In vivo evaluation of laser-induced choroidal neovascularization using spectral-domain optical coherence tomography.

Purpose: To describe the in vivo evolution of laser-induced choroidal neovascularization (CNV) in mice using spectral domain optical coherence tomography (SD-OCT).

Methods: Laser photocoagulation was applied to the mouse fundus using a 532-nm diode laser (100, 150, and 200 mW; 100-μm diameter, 0.1-second duration). SD-OCT examination was performed immediately after laser application and at days 3, 5, 7, 14, 21, and 28 after laser. Fluorescein angiography (FA) was performed at day 5, 7, 14, and 28. Acquired SD-OCT images were analyzed to describe morphologic features, measure CNV size and retinal thickness, and assess the frequency of lesions resulting in fluid accumulation. Finally, SD-OCT images were compared to fluorescein angiograms and histologic sections with immunostaining at similar time points.

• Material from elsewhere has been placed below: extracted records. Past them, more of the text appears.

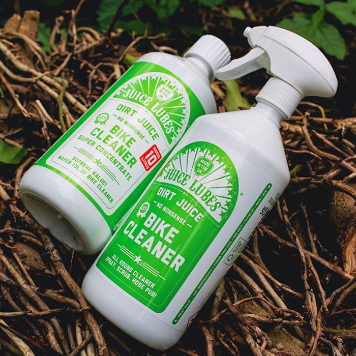 The Dirt Juice Double Pack gives you a bottle of Dirt Juice Bike Wash with a spray trigger and a bottle of Dirt Juice Super Concentrate.
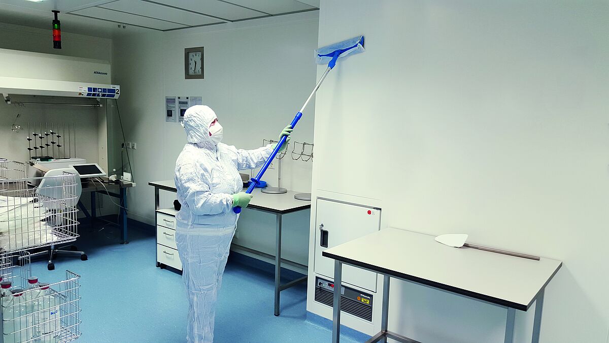Bei Bioziden handelt es sich um Einzelwirkstoffe oder Gemische, die dazu bestimmt sind, Schadorganismen (Bakterien, Viren, Sporen, Pilze oder Hefen) unschädlich zu machen oder abzutöten. Biozide sollten verschiedene verbindliche Standards erfüllen, um im Reinraum eingesetzt werden zu können (Wirksamkeit, Zulassung).
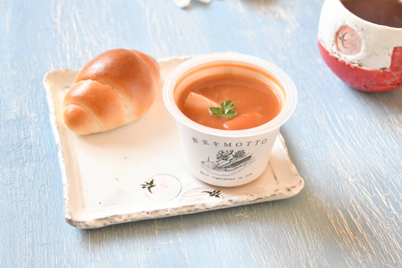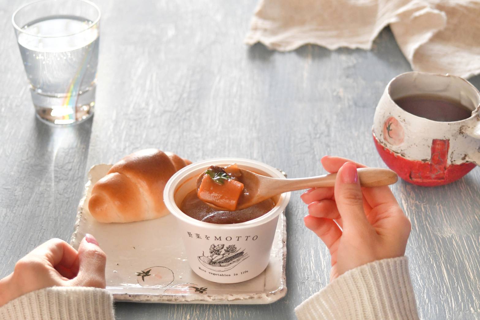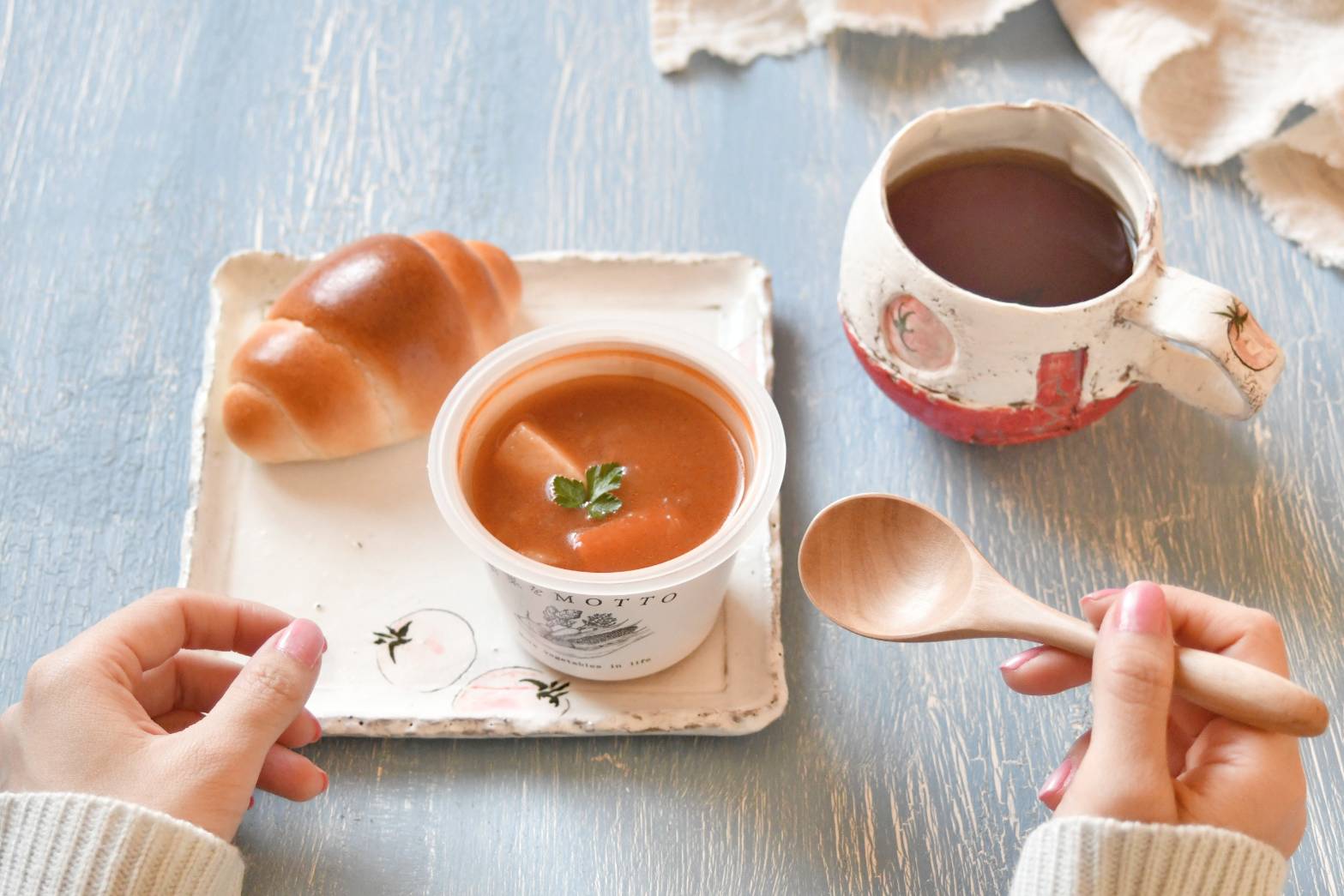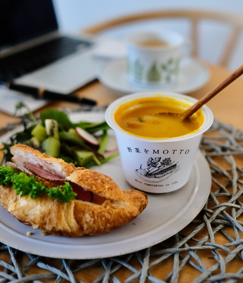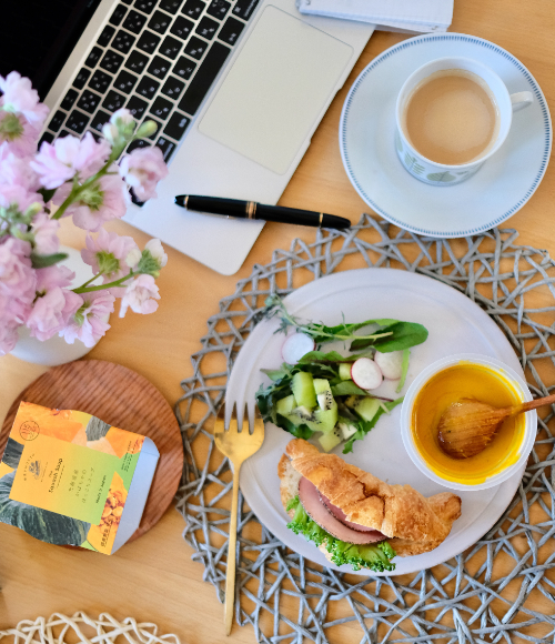 おうちでの仕事がちょっと忙しい時でもぱぱっと用意できるスープを合わせれば、簡単なパンと野菜を用意するだけでカフェごはん風ランチに!
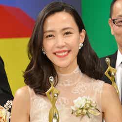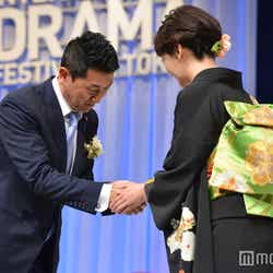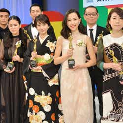 黒の艶やかな着物で登場した波瑠は、主演女優賞のトロフィーを受け取り「こうしていられることに大変感謝していますが、支えて下さる皆様への感謝も忘れず精進してまいりたいと思います」と喜びのコメント。“逆輸入俳優”として「あさが来た」に出演し、一躍注目の的となったディーンは「人生のターニングポイントになった作品。ありがたいアワードをいただいてとても感謝しています」とにっこり。“ヤバ妻”を好演し話題を呼んだ木村は「20年前にテレビドラマでデビューしたこと、そしてホラーやサスペンスが大好きなのでこうして受賞できて本当に嬉しいです!」とチャーミングな笑顔を見せた。
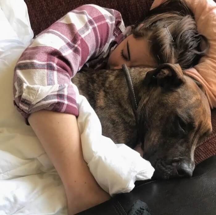 “Πολλά μέλη της οικογένειάς μας, που προηγουμένως ήταν προκατειλημμένοι με αυτή την ράτσα, άλλαξαν γνώμη όταν άρχισαν να περνούν χρόνο μαζί του. Κερδίζει τους ανθρώπους, ανεβαίνοντας πάνω στα πόδια τους για να κοιμηθεί”, ανέφερε η Σγουίρς.
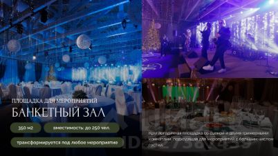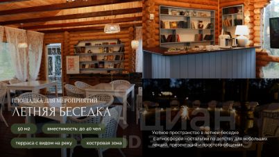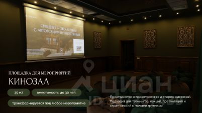 - 3 площадки для мероприятий: большой зал (350 м2), кинозал (35 м2), летняя беседка с террасой (60 м2)
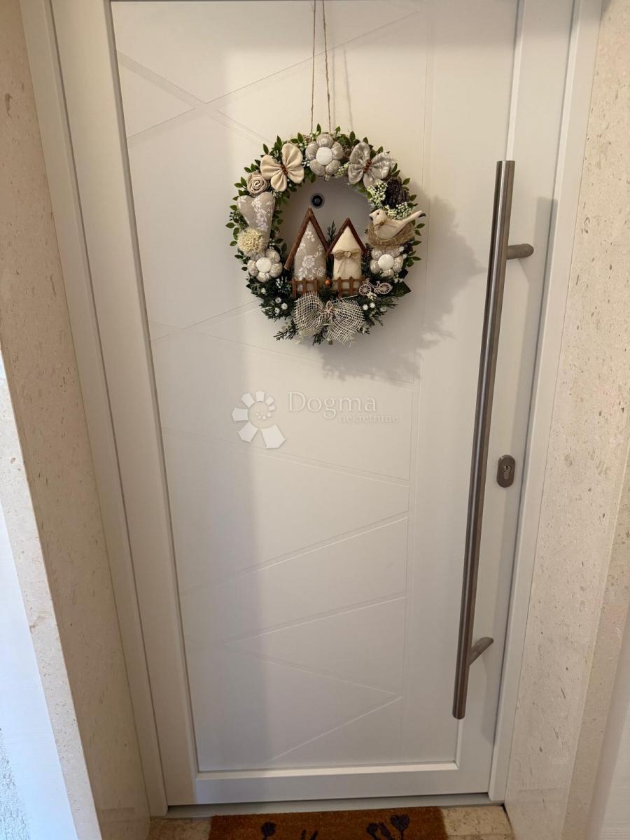 Na donjoj etaži nalazi se ulazni hodnik, kupaonica s WC-om, veliki open space prostor u kojem se nalaze kuhinja, blagovaonica i dnevni boravak, radna soba, ostava, dva balkona te unutarnje stubište koje vodi na drugu etažu. Na gornjoj etaži smještena je spavaća soba, dječja soba, velika kupaonica, manja prostorija s veš mašinom i plinskim bojlerom te hodnik s ugradbenim ormarima.
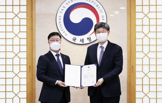 | 김동일 국세청 국제조세관리관(오른쪽)과 남재원 NH농협은행 부행장이 표창장을 들고 기념촬영을 하고 있다.(NH농협은행 제공)© 뉴스1 |

Results: SD-OCT allowed visualization of the initial laser damage and the subsequent stages of the injury response. CNV formation reached its maximum size at day 5. By day 7, significant size reduction was observed (P < 0.001), continuing through days 14 and 28. Exudation signs, such as fluid accumulation and increase in retinal thickness, followed the same time course, with a peak at day 5 and a decrease by day 7. Delivery of higher laser energy levels to the RPE/choroid complex resulted in a significant percentage of lesions demonstrating excessive chorioretinal damage without CNV formation.

Conclusions: SD-OCT is a fast and reliable tool for the in vivo evaluation of laser-induced CNV, allowing quantification of lesion size and exudation parameters. Moreover, it provides morphologic information that correlates with histologic findings.